Hand in hand. A Guided Tour.

My mother came to visit this week, and she brought an old photo album of her family, ancestors to serve as a pictorial diagram of all that Nate has uncovered in his lineal research obsessions. Now, as a kid, my grubby hands have flipped, ripped and pointed though all of these ancient pages with ancient glue and ancient faces looking back at me.
I only knew who I knew. My grandmother, mother, aunt and grandfather. I remember as a young one, having a hard time believing that my parents weren't smaller carbon copies of who they were now (or rather, then). I literally remember thing that my father had a mustache as a baby. Now, that's funny. 


After hearing, reading and seeing all the history unfolding on Nate's laptop, it's especially powerful to pick up the delicate images, cradle the torn paper in my steady palm and see my family, what they did and how they did it, for the camera at least. It was as best I could do so many years ahead, to hold their face in my hand and gaze.  So, as we sat down and got my mother's orientation on the pages, the people and the locations, I proverbially took my hubby's hand and walked with him. He knew of these people, and now they had a face. We explored the expressions and the poses and the Hungarian scrawl on the back of some pictures. It is as if my mother and I were puzzle pieces, and the album was a key. Nate could float above my mom and I and look back at the steps we both took through 71 years of living in the shadows of the figures on the pages. It's very magical to share a portion of our newly combined life that we weren't actually present for. 
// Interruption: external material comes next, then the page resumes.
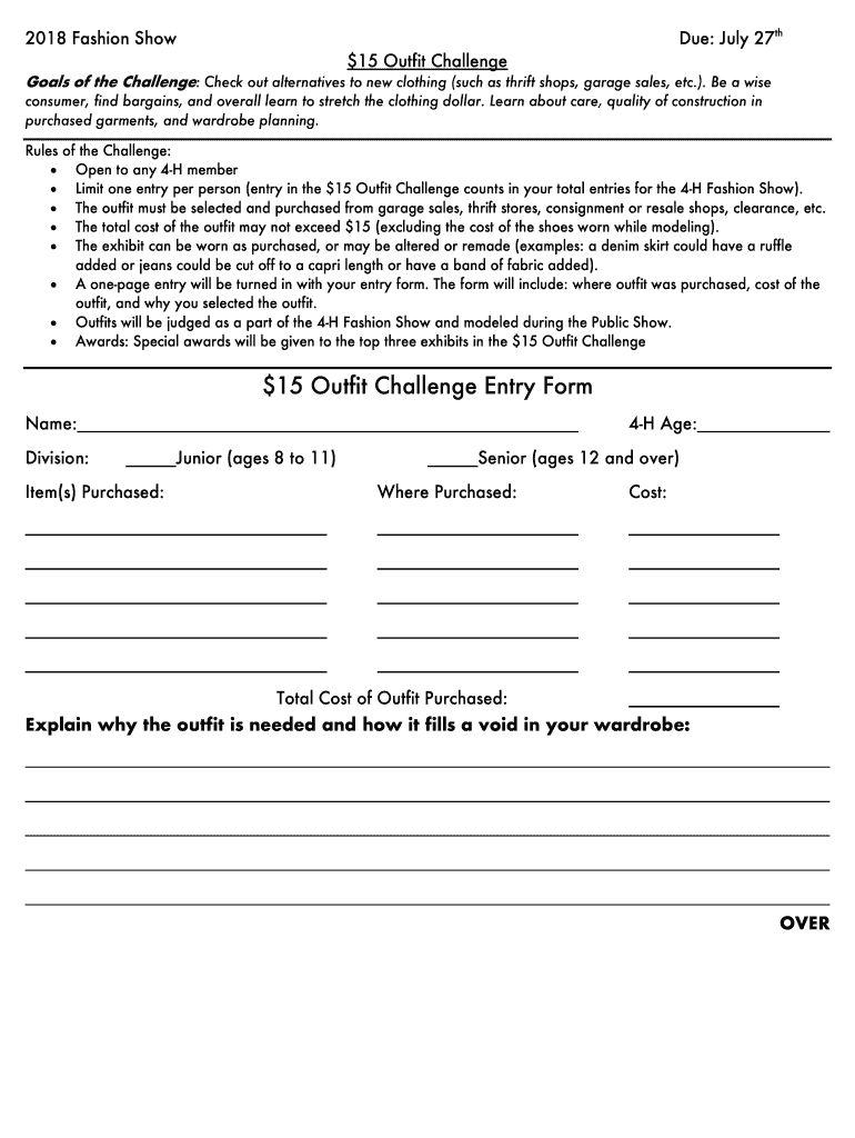 Due: July 27th2018 Fashion Show $15 Outfit ChallengeGoals of the Challenge: Check out alternatives to new clothing (such as thrift shops, garage sales, etc.). Be a wise consumer, find bargains, and
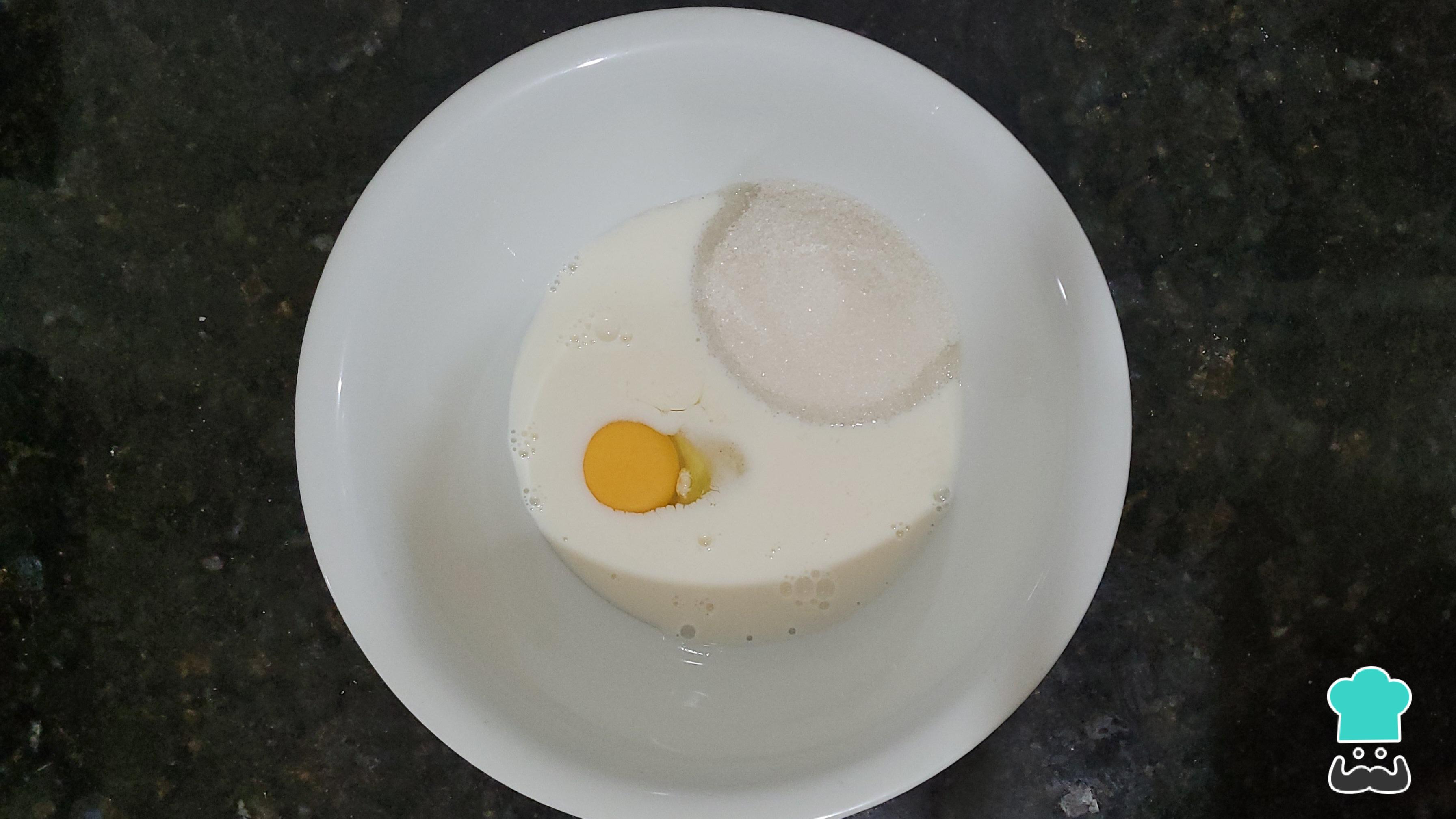 Em uma tigela, coloque o ovo, o leite, o açúcar. Mexa bem.

The back side of a photo of my Great-Grandfather. This is in Hungarian. It's a note to someone. Not me, but I get to peek, even though I cannot understand it, I see the personal arches, dotted letters and message for him, or from him.


My huge hope for the near future, is that I can take him to Hudson. NY, where my mother grew up. I spent multiple summers with my Aunt in Columbia County, tramped around auction houses, mountain mansions and orchards. I heard stories of years past. It was all my aunt had at that point in her life. I feel like I can show him where I start, way before I was here on Earth. I can show him the houses in which they lived, the towns they roamed and of course now, their final resting place. 


The funniest thing about looking the past in the eye as we did, is that you can see other people in there. My mom looks like her mom, who looks like her dad. My Aunt looked like her father, who didn't look like his brother, but resembled his cousin. It's all so binding, and a very nice journey to a time and a place that we will not see, we will not smell nor will we hear. It's all we have at this time in our lives, but it keeps us going. "Us" as in the family. All of us. The lot. 

My mother thought the girl on the right was her mother. Ship records show that is her sister with their mother. The picture is stamped for passage.
One of these boys is my Great-Grandfather in Hungary. This would have been taken before 1900. (probably ca. 1880)
Our living room will soon enough be a museum and a home for them all. We'll scan, enhance, frame and hang them up for a daily reunion of our hearts and our souls.